Why Do We Laugh? Annotation and Taxonomy Generation for Laughable Contexts in Spontaneous Text Conversation
This work addresses the problem of improving conversational AI systems by enabling more nuanced recognition and generation of laughter, which is incremental as it builds on existing annotation and taxonomy methods for a specific domain.
The study tackled the challenge of identifying laughable contexts in spontaneous text conversations by annotating Japanese dialogue data and developing a taxonomy with ten categories, such as 'Empathy and Affinity' and 'Humor and Surprise', to classify reasons for laughter. It evaluated GPT-4o's performance in recognizing these contexts, achieving an F1 score of 43.14%.

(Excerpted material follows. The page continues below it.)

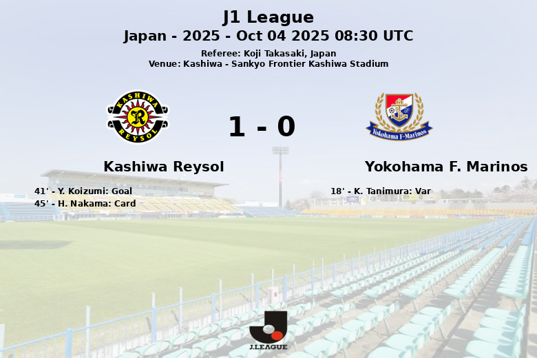 KASHIWA, Japón – En un encuentro disputado en el Sankyo Frontier Kashiwa Stadium, el Kashiwa Reysol se impuso al Yokohama F. Marinos en un partido donde la posesión del balón y la efectividad marcaron la diferencia. El Kashiwa Reysol, dominando el juego con un 67% de la posesión, logró capitalizar su superioridad con un gol de Y. Koizumi al minuto 41, asistido por H. Nakama.
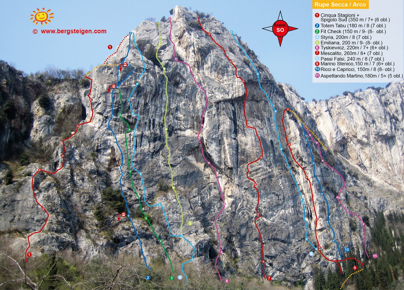 Die Route Marino Stenico ist ein schöner, zu Unrecht etwas selten besuchter Klassiker am Rupe Secca. Die Route bietet athletische Verschneidungskletterei an noch nicht so abgespecktem Fels. Sollte man gemacht haben!

Laughter serves as a multifaceted communicative signal in human interaction, yet its identification within dialogue presents a significant challenge for conversational AI systems. This study addresses this challenge by annotating laughable contexts in Japanese spontaneous text conversation data and developing a taxonomy to classify the underlying reasons for such contexts. Initially, multiple annotators manually labeled laughable contexts using a binary decision (laughable or non-laughable). Subsequently, an LLM was used to generate explanations for the binary annotations of laughable contexts, which were then categorized into a taxonomy comprising ten categories, including "Empathy and Affinity" and "Humor and Surprise," highlighting the diverse range of laughter-inducing scenarios. The study also evaluated GPT-4o's performance in recognizing the majority labels of laughable contexts, achieving an F1 score of 43.14%. These findings contribute to the advancement of conversational AI by establishing a foundation for more nuanced recognition and generation of laughter, ultimately fostering more natural and engaging human-AI interactions.